Custody, however, is where Lindeque draws the sharpest line. Buying Bitcoin on a consumer app and forgetting the access phrase is a real risk that has resulted in an estimated ten percent or more of all Bitcoin in circulation being permanently lost. “That’s a real problem,” she says. Her solution is institutional custodianship, meaning digital assets held through partners like Anchorage Digital or Fidelity, where assets are stored in cold storage, protected from hacking, and covered by insurance. “The moment you start truly investing, you need to move your investments over to an institutional grade.”
The Buffett Principle Most Investors Get Wrong
If there is a single idea that runs through everything Lindeque teaches, it is patience. And she points directly to Warren Buffett as the clearest example of what patience actually produces over time.
“He always said it’s when the tide goes out that you’ll see who’s swimming,” she explains. But the Buffett principle she returns to most often is the one about timing and crowd behavior. “When everyone jumps in to do a certain thing, that’s when you know you should get out.

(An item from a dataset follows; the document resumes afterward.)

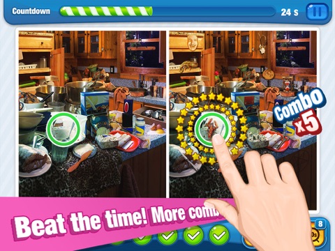 There are three different puzzle challenge themes to play in Spot Differences: Crazy Kitchen: time attack, zen and standard time mode. Each one gives you a new challenge to complete using two pictures from the kitchen. Puff your kids brains up and solve the themed puzzles before the timer ticks to zero!
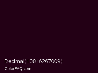 Decimal 13816267009 Color is a almost black magenta color and the nearest color is Night Rider #1f120f. Hex code #230015 and RGB value is rgb(35,0,21). In RGB color space, this color is composed of 14% red, 0% green, 8% blue, In CMYK color space, this color is composed of 0% cyan, 100% magenta, 40% yellow , 86% black , In HSL color space, this color has a hue angle of 324° , 100% saturation and 7% lightness.

When nobody’s doing it, that’s the time when you should get in.” FOMO, she says, is not a signal to act. It is a warning sign to wait.
Lindeque is equally direct about the danger of chasing short-term returns. If someone approaches you with promises of big gains in a short timeframe, she says, “that’s my first warning sign. Don’t get in. Wait, do your analysis, and then slowly but gradually get in.” The women who have built genuine generational wealth, in her experience, were not the ones who got lucky. “It takes years and years of grinding, of work, of patience, of every day just being committed and being disciplined. Discipline is the biggest, biggest thing.”
She makes this tangible with a straightforward example. A woman who invests $10,000 today across a diversified portfolio and adds $5,000 annually, reinvesting dividends along the way, could realistically grow that to $300,000 to $400,000 in ten years. “And if you imagine that you have a child who’s seven years old now, and you want in ten years to send them to university, all of a sudden you come in on five hundred thousand that you can actually help them set up in life.”
The Audit Is Where Everything Starts
The most important takeaway from Susan Lindeque’s approach is also the simplest one, and it requires no investment account, no broker, and no minimum balance. It requires a single honest look at where the money is right now.
“Take stock of your current financials,” she says. “See how much money you get in, what you spend on it, and how much you can save. If you start just with those today, then you’ve got a big start.” That audit, done honestly and without judgment, is the foundation everything else is built on. It reveals the subscriptions quietly draining the account. It clarifies how much high-interest debt is costing every month. And it shows, often for the first time, how much is actually available to put to work.
Lindeque quotes Tony Robbins on the weight of inaction: we all experience pain, but we do not have to experience suffering, and that shift begins with a decision to change the circumstances in front of us. “Whatever my circumstances are, I am literally changing it,” she says. “I am literally taking action.”
The blueprint Susan Lindeque lays out is not complicated. It is specific, buildable, and grounded in the same instincts women already carry: patience, caution, and the long view. The only thing left to do is start.